Встречается ему мама, ругает автора. Что, мол, это ты на канапэ-козетке разлегся, когда огород некопан? А! Подхватился автор, Кастанеду вспомнил, да и побежал землю копать. Хрен там – сначала лопату искать пришлось. Через время нашел все же. Лишь вонзил штык в землю - ручка сломалась. Растерялся автор. Приплелся в дом, нашел новую ручку, потому как был запасливый, и долго ее в лопату встраивал – неудачно слои березовые на конце деревяшки оказались расположены. Пришлось их по самой маленькой стружечке ножиком снимать. Но справился, хотя весь прямо уже в кризис погружался.

Копал-копал автор землю, уж как копал – мало кто так может. Устал. А кризис вот он – вокруг автора как кокон. Тут жена ему кричит. Милый-дорогой мой, иди скорее, замеси мне тесто и наточи нож в мясорубке. Не понимает дура-баба, что нож внутри мясорубки никак наточить не возможно. Ну никак! Проваландался с этими домашними делами автор чуть не полдня, а кризис только назревает себе, да назревает. Автор прям решил на него ругаться матерно, только – толку-то! То-то.

Взял автор бутылочку. Выпил. Закусил. Повторил без закуски. Пьяный стал в дупель. Потом сутки в себя придти не мог. Что с ним только не делалось: и рвало его и голова от тела откручивалась, а потом становилась мягкой и мелко дрожали липкие руки. И трудно ему было от одежды избавиться, а потом становилось холодно и еще сильней одиноко. А уж башка болела – это как водится. Не метод – резюмировал автор, погружаясь в кризис с новой как будто силой.
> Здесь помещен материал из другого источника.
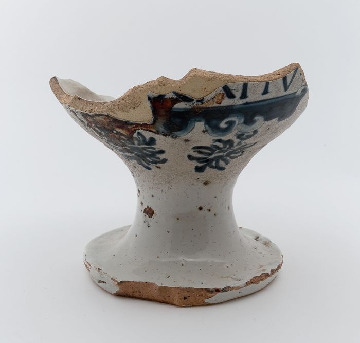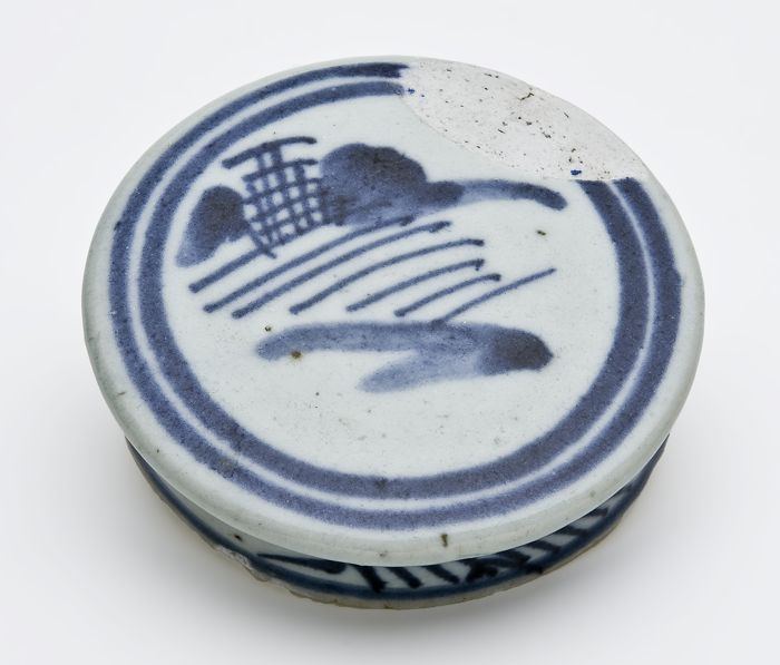 Fragment aardewerk apothekerspot, wit met blauwe dec...
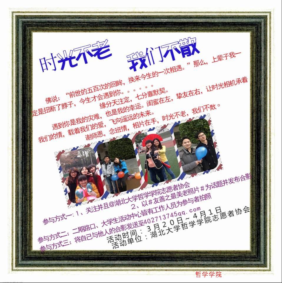 本次活动由WilliamHill体育青年志愿者协会主办,主办方充分利用新网络交流的便利性,在网络上广泛动员,不仅在新浪微博上发起#友善之最美照片#的话题,亲爱的同学们可以在微博上添加话题上传照片并@WilliamHill体育志愿者协会直接参赛,还可以在百度威廉体育williamhill吧发帖参与。短短两天,就引起全校员工甚至各路网友的热烈讨论。同时,哲院志愿者协会每天在公司二期路口和老员工活动中心门口设点发放活动宣传单,为来往同学现场讲解活动细则,并为有意愿参加的同学们现场拍照参赛。这种网络征集照片和现场拍照相结合的方式吸引了广大同学前来参加。目前,已收到来自各个院系的多幅合照,有温馨有爱的寝室全家福,有青春洋溢的闺蜜秀,还有酷帅狂霸叼炸天的哥们照,虽风格各异,但凸显了“以邻为友,与人为善”的主题。照片征集结束后,主办方会将参赛作品展出并组织现场投票,评出奖项若干。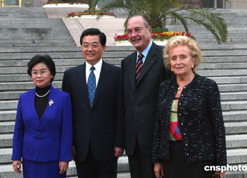 胡錦濤和夫人歡迎希拉克夫婦訪華。中新社記者:滿會(huì)喬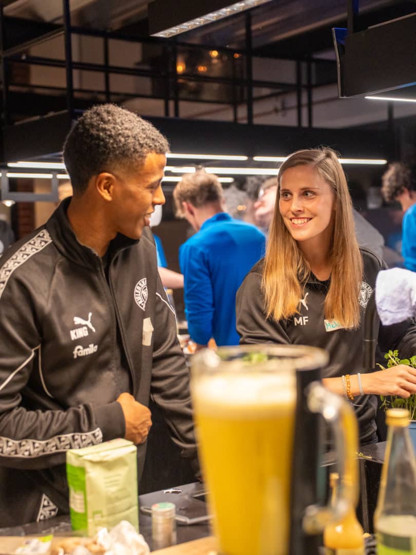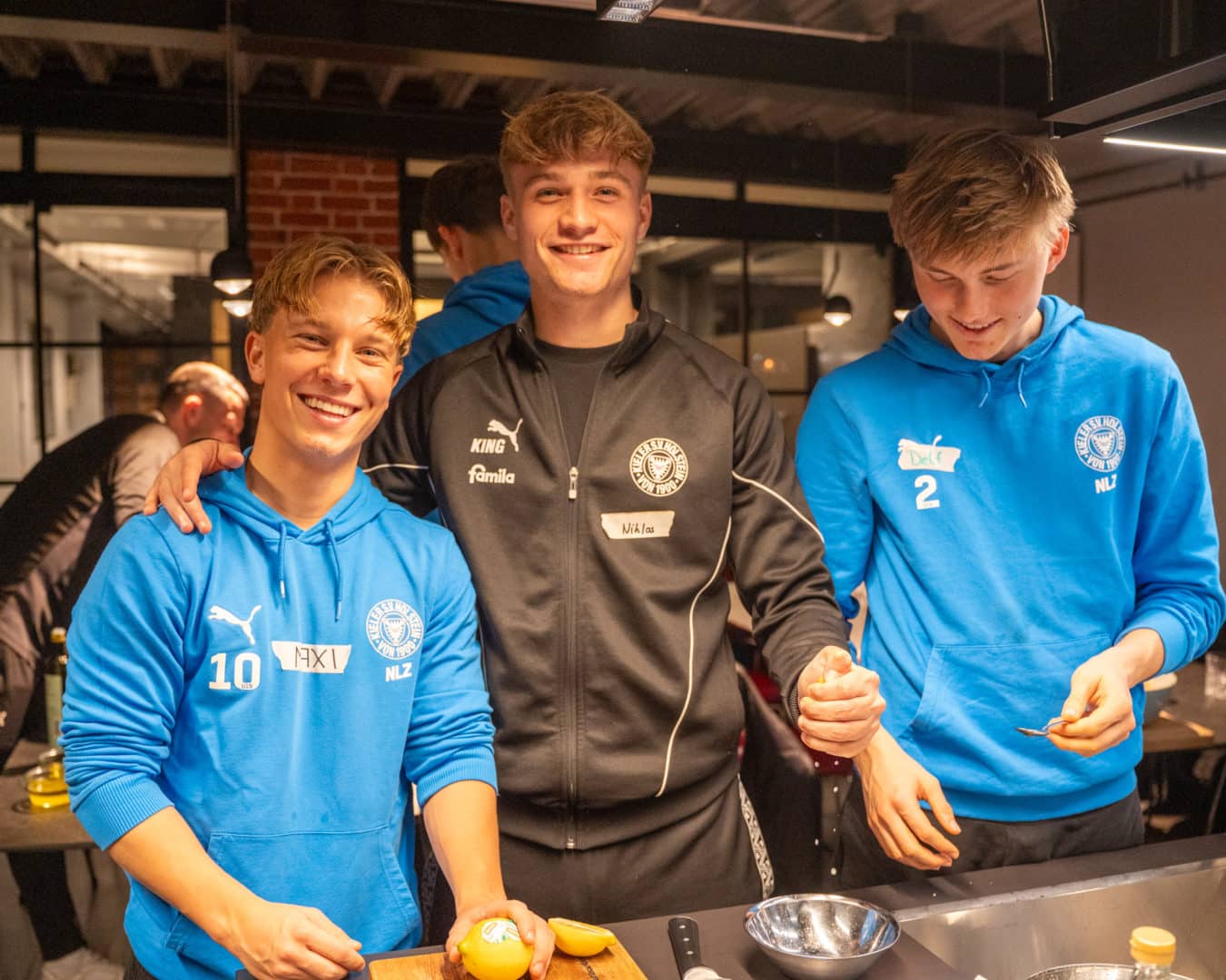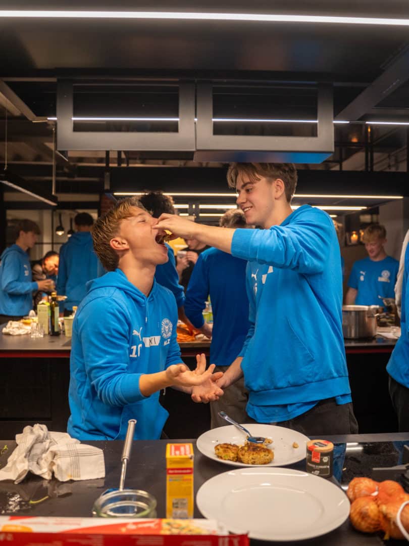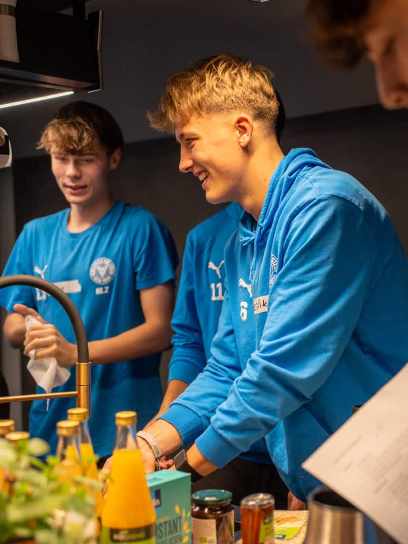 „Nach einem kleinen Wissensinput ging es direkt an den Herd, um ein paar gesunde Alternativen auszuprobieren. Man merkt, dass einige schon geübter sind als andere, aber vor allem hatten alle großen Spaß“, sagte Eike Selonke, Vertreter der Innovationskasse. Holstein-Profi Niehoff ergänzte mit einem Schmunzeln: „Wir wurden eingeladen, gemeinsam mit der U19 zu kochen. Der Austausch lief super, meine Gruppe hat sich auch über die Unterstützung gefreut, obwohl ich meine eigenen Kochkünste eher als ‚okay‘ bezeichnen würde.”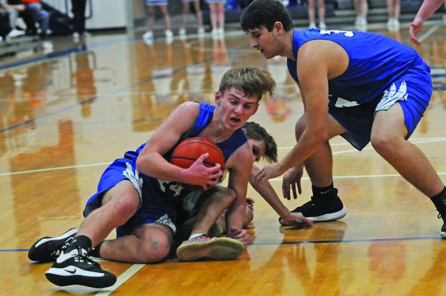 Ripley’s Cody Germann battles for a loose ball in Saturday’s contest with Dayton at the Ripley Holiday Classic. (Evan Dennison, The Ledger Independent)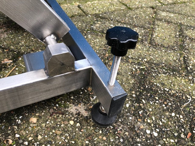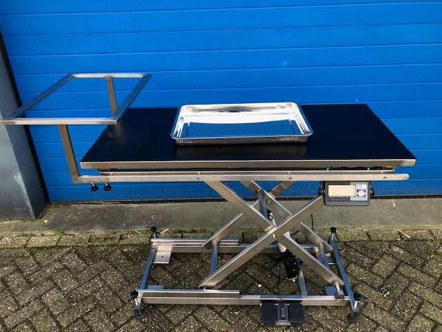 Ik laat in opdracht RVS (304) veterinaire tafels maken. Nu ook een behandeltafel of spreekkamer tafel met een ingebouwde weegoptie. Deze tafels zijn 130x60 en kunnen elektrisch van 29 cm minimaal naar 105 cm maximaal. Een hond kan dus makkelijk zelf op de tafel stappen zonder dat je hem hoeft te tillen. Ik kan voor deze tafels een transparant kunststof mat leveren of een zwart EPDM mat tegen meerprijs. Zwenkwielen zijn ook een optie, let wel op dat dergelijke tafels voor de goede werking van de weegfunctie wel waterpas moeten staat.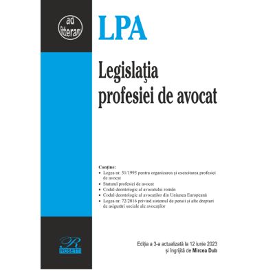 Prezenta editia a Legislatiei profesiei de avocat cuprinde actele normative de baza actualizate la zi - Legea nr. 51 1995 pentru organizarea si exercitarea profesiei de avocat cu ultimele modificari legislative respectiv Legea nr. 32 2023 Legea nr. 50 2023 si Legea nr. 89 2023 - Statutul profesiei de avocat actualizat cu Hotarare nr. 281 2022 publicata in M. Of. nr. 101 din 6 februarie 2023 - Legea nr. 72 2016 privind sistemul de pensii si alte drepturi de asigurari sociale ale avocatilor actualizata cu Legea nr. 99 2023. Sunt incluse si codurile deontologice al avocatului roman respectiv al avocatilor din Uniunea Europeana.Specificatii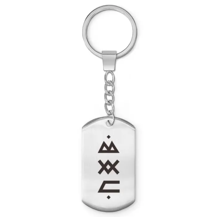 Брелок-жетон из полированной нержавеющей стали с рунической формулой в дизайне.

Плюнул тогда на все автор, вызвал черта. Тот явился быстренько – этому отродью только дай, они тут же: лай да лай, причем под ихнюю дуду. Присел автор скромненько к своему рабочему столу и стал переговоры слушать. Черт весь на понтах, даже матерком автора обдувает. Щебечет: златые горы, вершина мира, красавицы всех мастей и статей, шахразада в его лично лице, букер-но****ей немеряно, вершина мира и златые горы, по рукам??? Поет в общем. А меж рожков у него сиреневые изумительные молнии в рекламных целях скочут. Глядит на него автор, глядит, все грустит безответно, а потом и высказывается: иди нахер. Вот и черт не справился.

Пошел автор в церковь. Стоит, звуки слушает, на росписи, да иконы, по стенам имеющиеся, поглядывает. Старушкам прицерковным, неслышно мечущимся промеж верующих, пространство места уступает. На свечах многочисленных ресницами засыпает. Да и свалился от духоты в обморок. Очнулся на улице – отмахивают его. Того сильней монологи в авторе кризис закатывает. Автор уж и зубами скрипеть пробовал – все кризису нипочем.

Пошел автор тогда по бабам. Тут рассказывать особо нечего. Дело, вроде, интересное, но непростое и тонкое, требует напряжения всех душевно-физических сил. А уж интимное какое – не описать. Только бабам про кризис как сказать? Не скажешь, потому что на смех поднимут и до тела белого, пока не выздоровеешь от этой гадской болезни, не допустят. Получилось опять: бабы кризису не помощь, а скорее усугубление по причине дальнейшего ободиночивания кризисанта. Загогуля.

Так и находится автор в кризисе до сих пор. Кто б помог, а!?